Only the lines below from the one with "Beratung - Consulting" through the one with "按照南方财富网趋势选股系统统" are to be written out, exactly and without any images.

======== Source material

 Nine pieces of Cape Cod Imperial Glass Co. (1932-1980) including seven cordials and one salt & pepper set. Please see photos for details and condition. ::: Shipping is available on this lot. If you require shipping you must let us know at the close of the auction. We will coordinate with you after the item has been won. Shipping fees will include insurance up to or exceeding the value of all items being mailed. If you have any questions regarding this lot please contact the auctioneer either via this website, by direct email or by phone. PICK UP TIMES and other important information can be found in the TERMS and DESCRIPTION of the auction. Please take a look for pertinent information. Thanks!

================
======== Source material

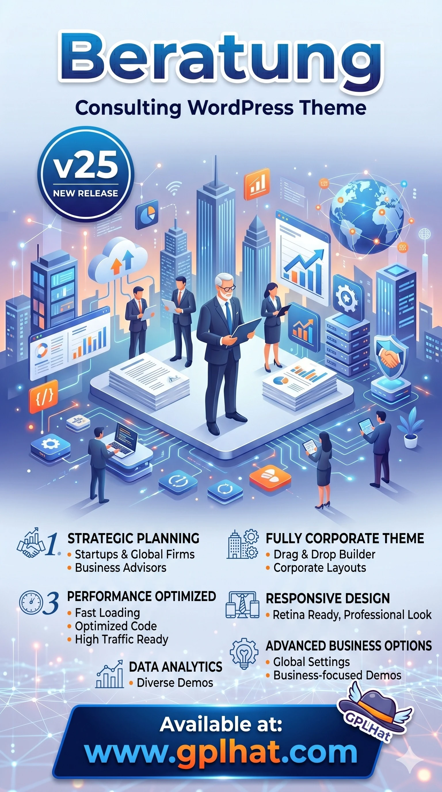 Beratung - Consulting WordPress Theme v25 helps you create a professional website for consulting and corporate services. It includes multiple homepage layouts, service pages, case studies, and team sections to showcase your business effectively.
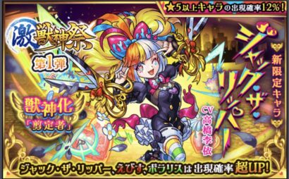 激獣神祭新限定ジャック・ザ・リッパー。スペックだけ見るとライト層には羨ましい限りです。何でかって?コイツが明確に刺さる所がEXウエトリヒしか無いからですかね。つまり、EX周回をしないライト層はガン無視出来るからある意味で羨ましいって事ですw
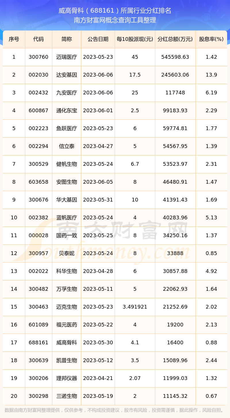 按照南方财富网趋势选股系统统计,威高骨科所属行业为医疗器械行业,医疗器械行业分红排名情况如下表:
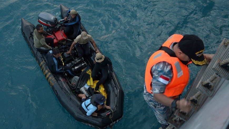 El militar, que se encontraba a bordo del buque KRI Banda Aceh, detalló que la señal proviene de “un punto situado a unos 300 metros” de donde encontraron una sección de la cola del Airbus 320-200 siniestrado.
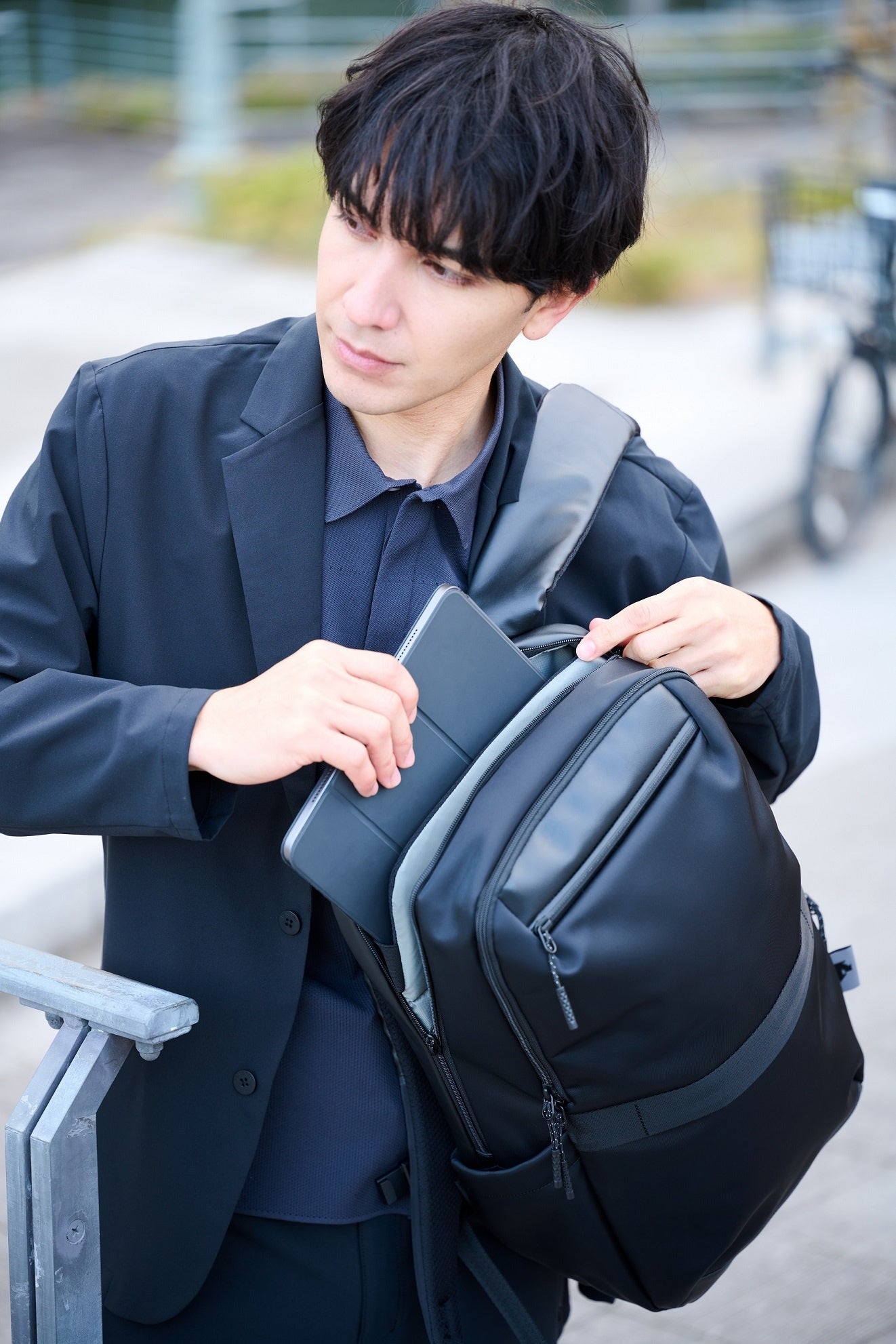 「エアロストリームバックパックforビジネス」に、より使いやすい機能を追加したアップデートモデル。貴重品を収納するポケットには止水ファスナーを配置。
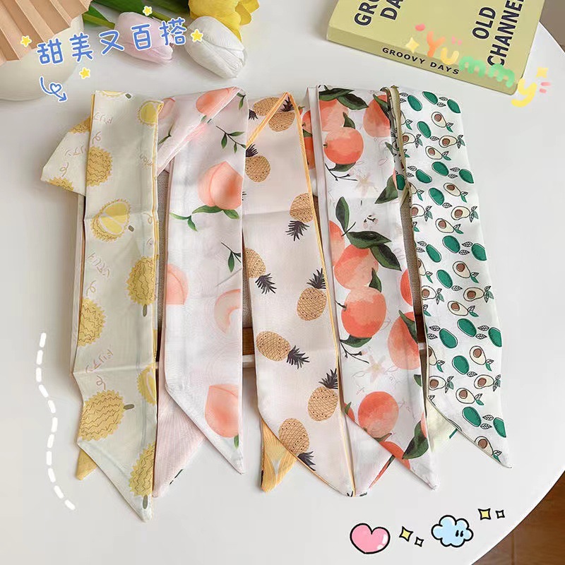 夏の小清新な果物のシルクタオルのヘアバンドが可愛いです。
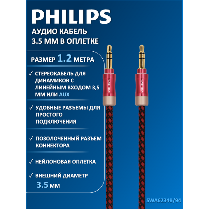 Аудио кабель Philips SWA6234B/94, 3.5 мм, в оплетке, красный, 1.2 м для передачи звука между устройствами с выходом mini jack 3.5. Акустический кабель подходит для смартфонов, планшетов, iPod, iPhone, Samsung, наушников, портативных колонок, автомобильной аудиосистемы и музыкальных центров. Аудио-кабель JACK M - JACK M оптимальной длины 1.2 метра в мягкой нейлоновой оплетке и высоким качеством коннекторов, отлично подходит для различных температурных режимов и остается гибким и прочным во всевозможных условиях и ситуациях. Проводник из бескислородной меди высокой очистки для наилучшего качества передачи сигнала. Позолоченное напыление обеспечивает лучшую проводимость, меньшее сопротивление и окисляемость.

================

— Task answer —
 Beratung - Consulting WordPress Theme v25 helps you create a professional website for consulting and corporate services. It includes multiple homepage layouts, service pages, case studies, and team sections to showcase your business effectively.
 激獣神祭新限定ジャック・ザ・リッパー。スペックだけ見るとライト層には羨ましい限りです。何でかって?コイツが明確に刺さる所がEXウエトリヒしか無いからですかね。つまり、EX周回をしないライト層はガン無視出来るからある意味で羨ましいって事ですw
 按照南方财富网趋势选股系统统计,威高骨科所属行业为医疗器械行业,医疗器械行业分红排名情况如下表:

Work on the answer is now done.